- Born: 28 October 1928 Nottinghamshire
- Died: 29 August 2011 (aged 82) UK
- Occupation: Architect
- Practice: Greater London Council
- Buildings: Pimlico School

= John Bancroft (architect) =

British architect

John Bancroft (28 October 1928 – 29 August 2011) was a British architect noted for his Brutalist designs for the Greater London Council (GLC).

He joined the Architects’ Department of the GLC in 1957 and led the project to build Pimlico School from 1964 to 1970. The building was demolished in 2010 by Westminster City Council.

Bancroft explained the design of the school in a 2008 interview: "I wanted pupils to feel they were part of a community... So I divided the place up into a form of glass screen so you would get views down from the level you were at into the other parts of the school. And also I wanted to make sure that you could from time to time glimpse the outside so that you would know where you were in the great surrounding community that Pimlico is, and the buildings surrounding it"

His other school designs include the Elfrida Rathbone Girls' School in Camden and the Philippa Fawcett Teacher Training College in Streatham.

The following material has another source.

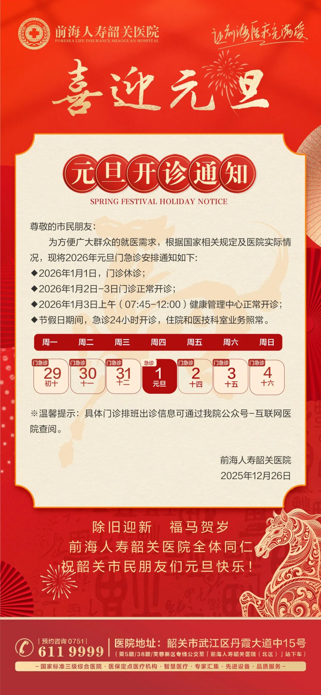 开诊通知 | 前海人寿韶关医院2026年元旦假期门急诊安排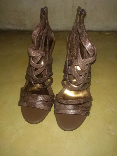 Sandalias de tacon. Bonitas sandalias de mujer color café tipo víbora con plataforma cómodas nuevas

Bancroft was a staunch defender of the GLC's unpopular Brutalist landmarks. Though he did not design it, he argued that the County Hall Island Block, vacant for 20 years, should have been listed as an early example of open plan office architecture and expressed himself "quite horrified" by the demolition of Pimlico School. Bancroft devoted much of his career to building conservation and was an active member of the Twentieth Century Society, the Victorian Society and a supporter of the charity Docomomo.